- **Supplied information**:
━━━━━━

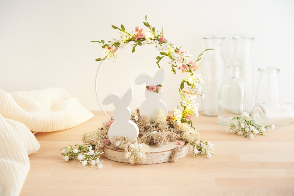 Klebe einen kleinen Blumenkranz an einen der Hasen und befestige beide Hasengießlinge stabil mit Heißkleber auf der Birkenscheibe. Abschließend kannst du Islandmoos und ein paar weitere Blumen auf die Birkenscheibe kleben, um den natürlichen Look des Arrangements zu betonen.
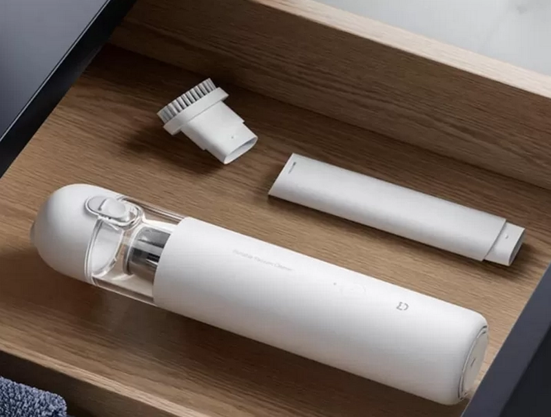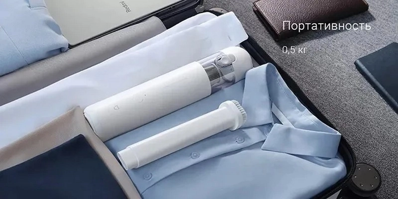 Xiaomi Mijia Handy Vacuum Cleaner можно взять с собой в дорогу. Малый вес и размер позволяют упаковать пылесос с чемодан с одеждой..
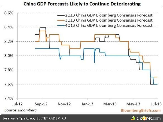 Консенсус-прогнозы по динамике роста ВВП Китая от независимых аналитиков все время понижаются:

━━━━━━

- **Problem details**: The copy should match each line above exactly and contain no images.

- **Answer to the problem**:
 Klebe einen kleinen Blumenkranz an einen der Hasen und befestige beide Hasengießlinge stabil mit Heißkleber auf der Birkenscheibe. Abschließend kannst du Islandmoos und ein paar weitere Blumen auf die Birkenscheibe kleben, um den natürlichen Look des Arrangements zu betonen.
 Xiaomi Mijia Handy Vacuum Cleaner можно взять с собой в дорогу. Малый вес и размер позволяют упаковать пылесос с чемодан с одеждой..
 Консенсус-прогнозы по динамике роста ВВП Китая от независимых аналитиков все время понижаются:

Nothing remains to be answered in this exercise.